Another Big Quarter for Dividends

The numbers are in and it was another good quarter for dividends. The S&P 500 paid out $9.76 in dividends last quarter. That’s the index-adjusted number (each dollar in the index is about $8.9 billion). That’s an increase of 13.4% over a year ago.

Dividends have now grown at a double-digit rate for 13 of the last 14 quarters. It would have been an even 14 for 14, but there was a dividend surge in Q4 of 2012 to beat the tax increase. As a result, dividends rose by 6.6% in Q4 of 2013. But adjusting for that, the dividend trend is still quite strong. Dividends paid out this year will probably be about 75% higher than they were four years ago.

Here’s an interesting stat: First-half dividends are up 14.4% from last year’s first half, while the S&P 500 is up 6.05% YTD. Annualized, that’s about 12.5%. In other words, dividends are growing faster than stock prices.

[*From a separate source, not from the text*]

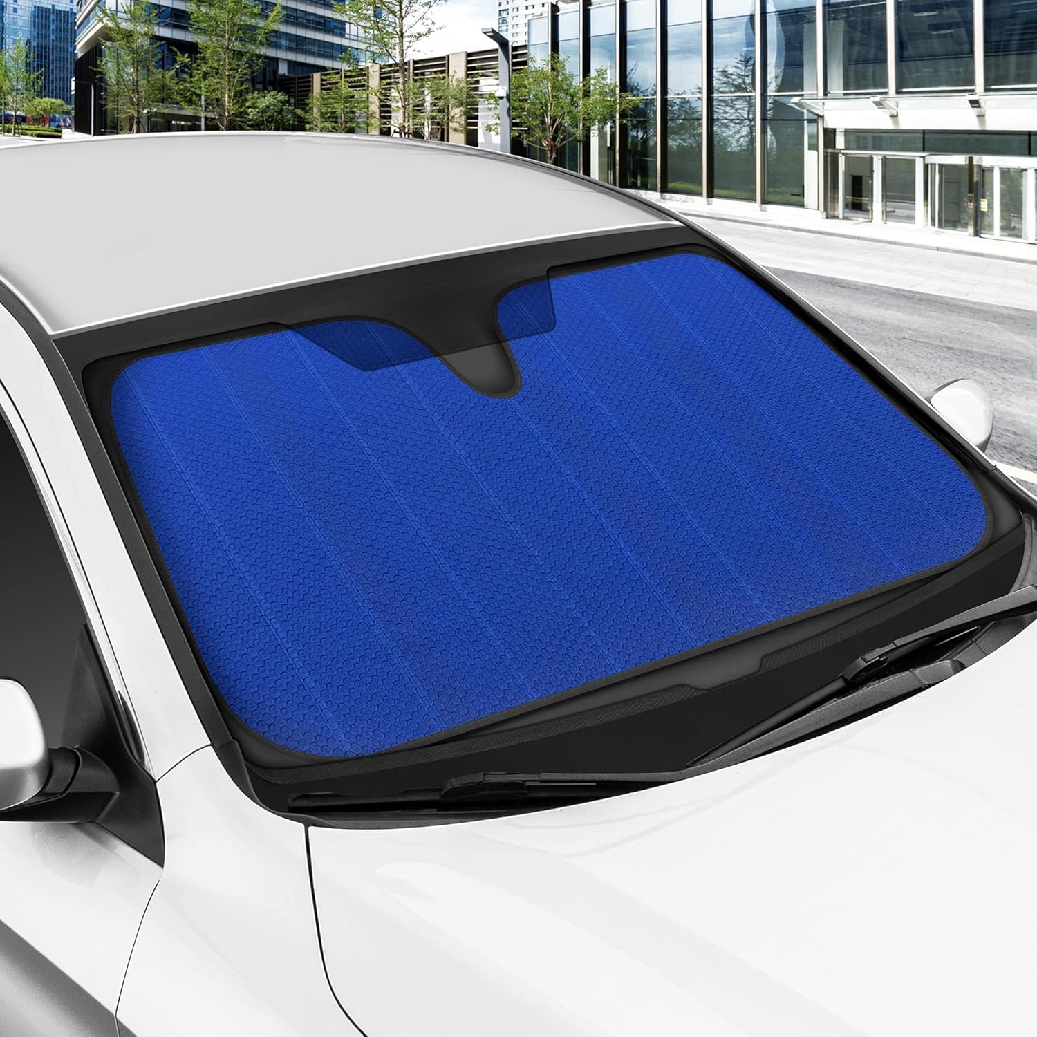 Examples of popular car makes and models that might use this accordian sunshade for car windshield are Toyota Camry, Honda Accord, Nissan Altima, Ford Fusion, Chevrolet Malibu, Hyundai Sonata, Mazda 6, Kia Optima, Subaru Legacy, Volkswagen Passat, Toyota RAV4, Honda CR-V, Ford Escape, Chevrolet Equinox, Nissan Rogue, Hyundai Tucson, Mazda CX-5, Jeep Grand Cherokee, Subaru Forester, Kia Sportage, Ford F-150, 250, and 350, Chevrolet Silverado 1500, Ram 1500, Toyota Tacoma, Nissan Frontier, GMC Sierra 1500, Honda Ridgeline, Ford Ranger, Chevrolet Colorado, Nissan Titan, BMW 3 Series, Mercedes-Benz C-Class, Audi A4, Lexus RX, Tesla Model 3, Genesis G80, Acura MDX, Volvo XC90, Porsche Cayenne, Land Rover Range Rover, Toyota Corolla, Honda Civic, Mazda 3, Hyundai Elantra, Kia Forte, Chevrolet Spark, Nissan, Tesla, and more!

Believe it or not, the market’s dividend yield is slightly higher now than it was at the beginning of the year. I’m not saying that’s a perfect measure of value because it’s welcome push-back against this silly bubble talk.

The big drag on dividends is still the financial sector. Major banks like Citigroup and Bank of America only pay a penny per share. The Financial Sector ETF ($XLF) will probably pay out around 38 cents per share this year. In 2007, it paid 86 cents per share.

Here’s a look at the S&P 500 and its trailing dividends since 2003. The S&P 500 is the blue line and it follows the left scale. Dividends are in yellow and follow the right. The two lines are scaled at 50-to-1, so whenever the lines cross, the dividend yield is exactly 2%. For such a crude measure, that 2% line has worked pretty well.